Following from the capital adequacy requirements under the Basel III accord, banks’ capital was split into tier 1 and tier 2 capital. Tier 1 forms the bank’s core capital, while Tier 2 forms its supplementary capital. The instruments under Tier 2 capital are riskier as it is difficult to assess their quality and they are harder to liquidate. However, the purpose of tier 1 and tier 2 capital is to ensure that banks can absorb losses (if any) and continue functioning under periods of financial duress.
Tier 2 Capital:
In India, tier 2 capital consists of reserves and hybrid securities. Reserves are capital provisions that a bank makes. Hybrid securities carry features of both debt and equity instruments and may further be classified into upper (perpetual instruments) and lower capital (dated instruments).
General Provisions & Loss Reserves:
This reserve is created as a hedge against any unidentified losses.
A revaluation reserve is created by reassessing the value of an asset.
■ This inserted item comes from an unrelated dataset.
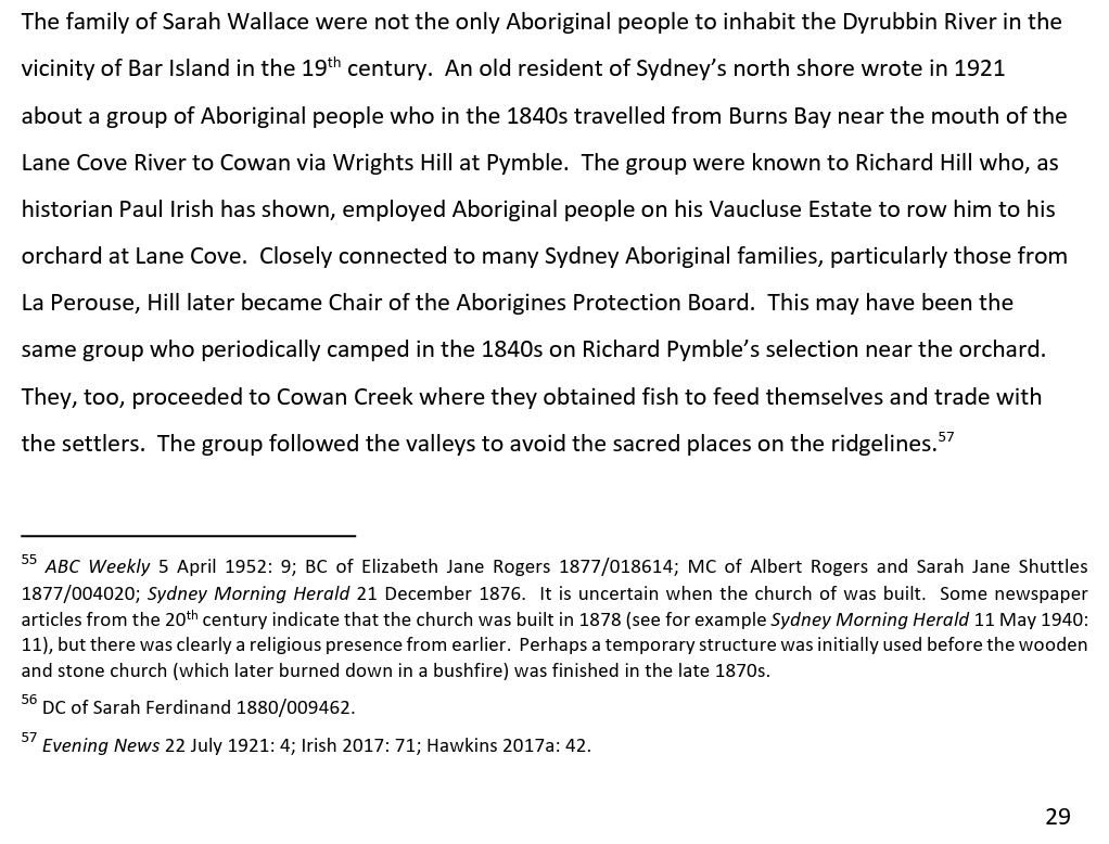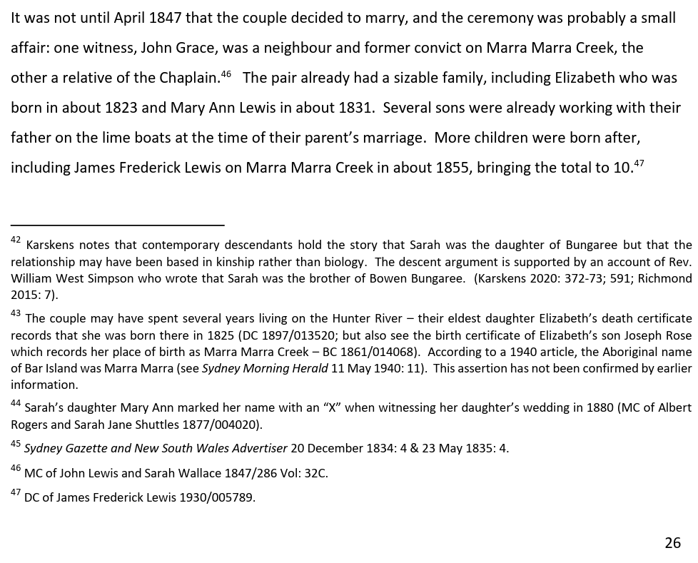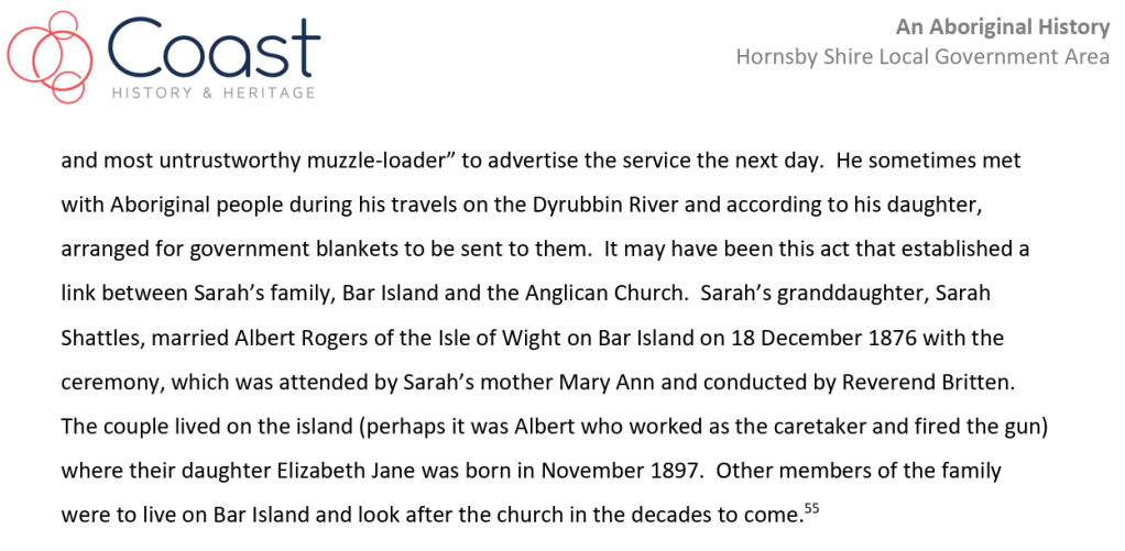 Sarah Wallace is claimed by Laurie Bimson, Neil Evers, Bob Waterer, and many more members of the GuriNgai to be their bloodline connection to Bungaree and Matora. If what is claimed here is true, then those people’s claims to be descendants of Bungaree would be false.

The idea is to update the value of an asset from its historic cost to its current value. For instance, a bank may have one of its properties revalued to reflect appreciation in real estate.
Primarily this consists of perpetual cumulative preference shares (PCPS). Like AT1 instruments, these securities have no maturity. A cumulative instrument is one where payments if missed, are accrued and paid when finances permit.
Dated securities are those that have a maturity. Tier 2 Capital instruments are redeemable and may be cumulative or non-cumulative preference shares (RCPS or RNCPS). These instruments have a minimum tenor of 5 years.
As banking systems in multiple countries evolved,the need to have an international agreement that bound them arose. The idea was to addresses regulation, supervision, and risk management for banks across the globe. The Basel Committee on Bank Supervision was set up in 1974 to create a framework.
Basel I & Basel II Norms
Every loan has an associated level of risk. Credit risk is the possibility that a borrower may not meet its obligations. Based on this, a risk value was assigned to each loan, making it a Risk Weighted Asset (RWA). Capital provisions were set according to the RWA.
Basel II norms further focused on three pillars.
Pillar 1: Minimal Capital
‘Risk’ was modified to include market and operational risks. Minimal capital requirements for lending transactions was specified as 8% of RWAs. Banks’ capital was tiered according to its nature.
Pillar 2: Supervisor Review
Banking regulations varied drastically across member countries. However, the requirement for improved governance and regulation remained. The solution was to authorize the banking regulator of each country to implement these rules. In India, the RBI is the regulator for the banking sector.
Pillar 3: Market Discipline
Market Discipline simply means more transparency. Banks were subjected to more disclosure requirements. This provided more insight into their activities and allowed for more informed investment decisions.
Why did we need Basel III norms?
While the earlier norms addressed legitimate risks, gaps became apparent during the 2007 financial crisis. Any framework is robust only when it is modified to address new challenges and risks.
The focus moved to banks’ balance sheets. It aimed to reduce their size and limited the scope of activities. Both quality and quantity of capital became important. The spotlight shifted to lowering risk rather than increasing profitability.
New metrics for risk management such as the liquidity coverage ratio (LCR)and leverage ratio were introduced. Banks are also subjected to standardized stress tests. This ensures that there is sufficient liquidity for banks to proceed with day-to-day activities during periods of financial stress. The capital requirements are adjusted according to prevailing market conditions. This move protects the economy during both recessions and booms.
Ultimately, the intent is to create a more resilient banking system by reducing and addressing potential financial or economic risks.